SUPPLIED MATERIAL
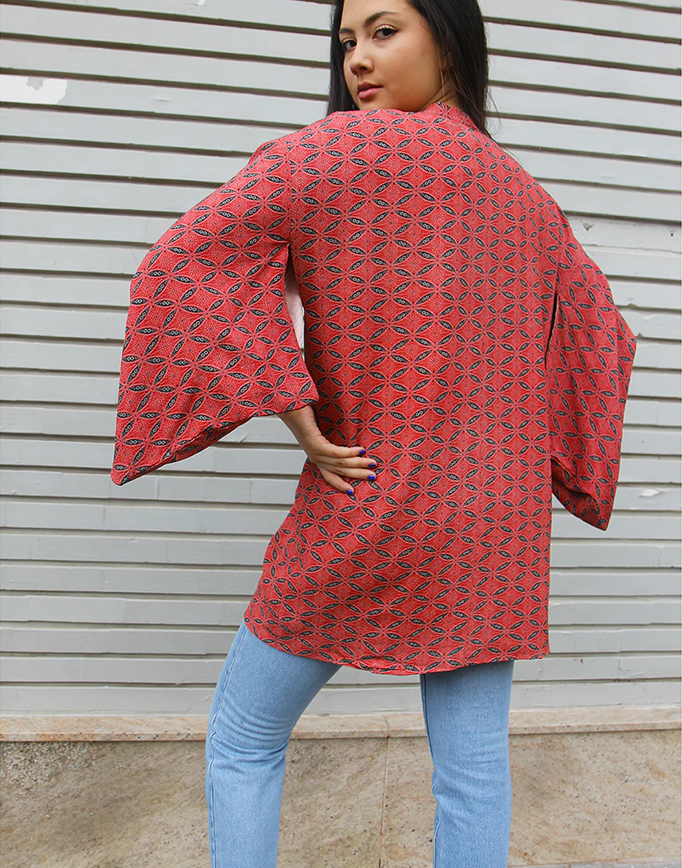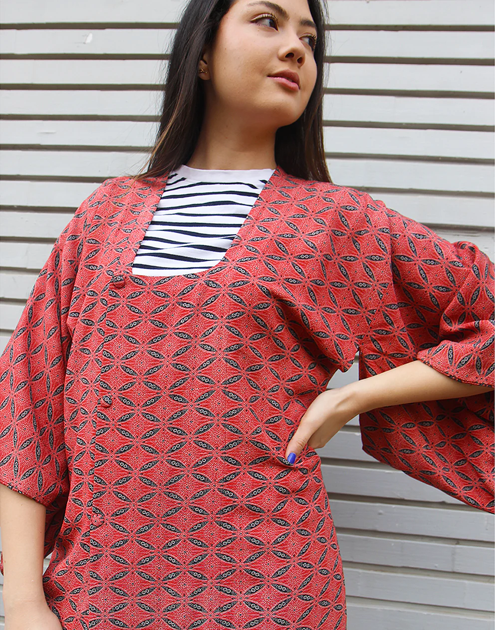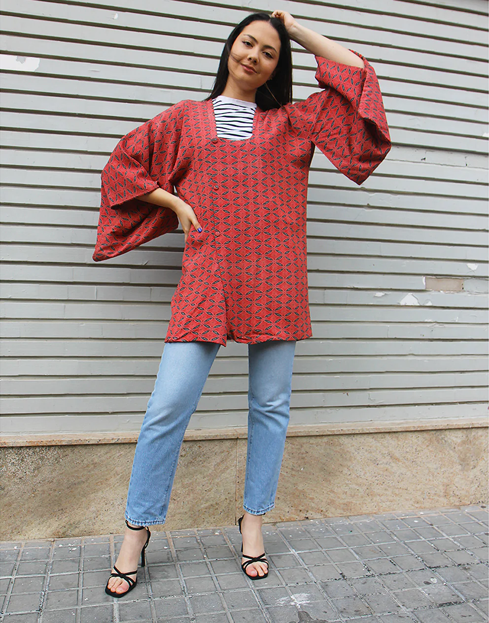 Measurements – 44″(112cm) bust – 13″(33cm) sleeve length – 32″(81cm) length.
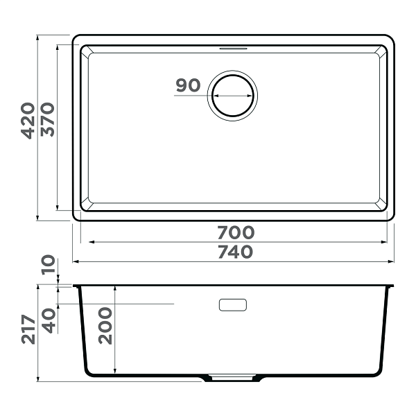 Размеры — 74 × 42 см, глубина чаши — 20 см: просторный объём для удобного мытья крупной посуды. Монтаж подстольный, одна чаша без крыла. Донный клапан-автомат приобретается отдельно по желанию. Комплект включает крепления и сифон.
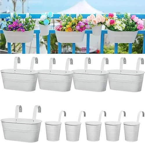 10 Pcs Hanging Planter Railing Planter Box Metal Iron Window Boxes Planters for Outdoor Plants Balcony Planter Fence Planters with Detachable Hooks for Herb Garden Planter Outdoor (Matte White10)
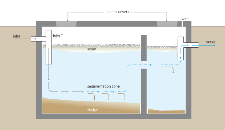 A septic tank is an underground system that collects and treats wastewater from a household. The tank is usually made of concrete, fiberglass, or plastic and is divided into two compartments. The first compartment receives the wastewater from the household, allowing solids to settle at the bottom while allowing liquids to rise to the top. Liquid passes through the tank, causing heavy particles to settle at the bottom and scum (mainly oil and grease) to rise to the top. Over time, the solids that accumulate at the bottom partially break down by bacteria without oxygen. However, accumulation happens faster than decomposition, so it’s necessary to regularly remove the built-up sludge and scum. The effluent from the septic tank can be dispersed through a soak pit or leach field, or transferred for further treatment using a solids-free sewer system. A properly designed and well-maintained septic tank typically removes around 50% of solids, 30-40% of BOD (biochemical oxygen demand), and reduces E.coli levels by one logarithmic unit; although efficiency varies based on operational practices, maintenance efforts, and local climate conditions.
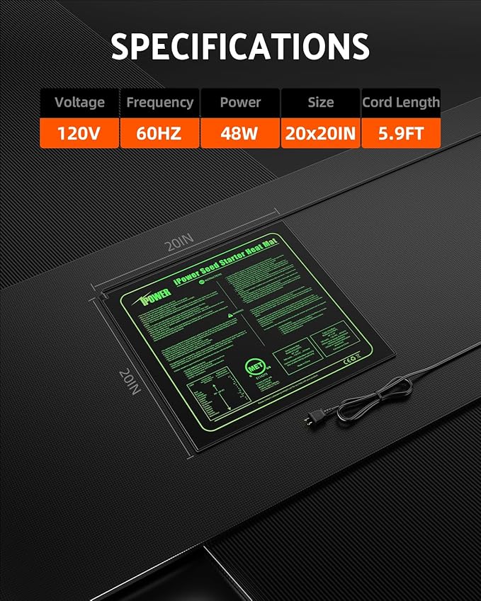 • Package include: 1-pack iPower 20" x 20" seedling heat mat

WHAT THE EXERCISE ASKS
Letter for letter, reproduce every record above and skip the pictures.

FINISHED EXERCISE
 Measurements – 44″(112cm) bust – 13″(33cm) sleeve length – 32″(81cm) length.
 Размеры — 74 × 42 см, глубина чаши — 20 см: просторный объём для удобного мытья крупной посуды. Монтаж подстольный, одна чаша без крыла. Донный клапан-автомат приобретается отдельно по желанию. Комплект включает крепления и сифон.
 10 Pcs Hanging Planter Railing Planter Box Metal Iron Window Boxes Planters for Outdoor Plants Balcony Planter Fence Planters with Detachable Hooks for Herb Garden Planter Outdoor (Matte White10)
 A septic tank is an underground system that collects and treats wastewater from a household. The tank is usually made of concrete, fiberglass, or plastic and is divided into two compartments. The first compartment receives the wastewater from the household, allowing solids to settle at the bottom while allowing liquids to rise to the top. Liquid passes through the tank, causing heavy particles to settle at the bottom and scum (mainly oil and grease) to rise to the top. Over time, the solids that accumulate at the bottom partially break down by bacteria without oxygen. However, accumulation happens faster than decomposition, so it’s necessary to regularly remove the built-up sludge and scum. The effluent from the septic tank can be dispersed through a soak pit or leach field, or transferred for further treatment using a solids-free sewer system. A properly designed and well-maintained septic tank typically removes around 50% of solids, 30-40% of BOD (biochemical oxygen demand), and reduces E.coli levels by one logarithmic unit; although efficiency varies based on operational practices, maintenance efforts, and local climate conditions.
 • Package include: 1-pack iPower 20" x 20" seedling heat mat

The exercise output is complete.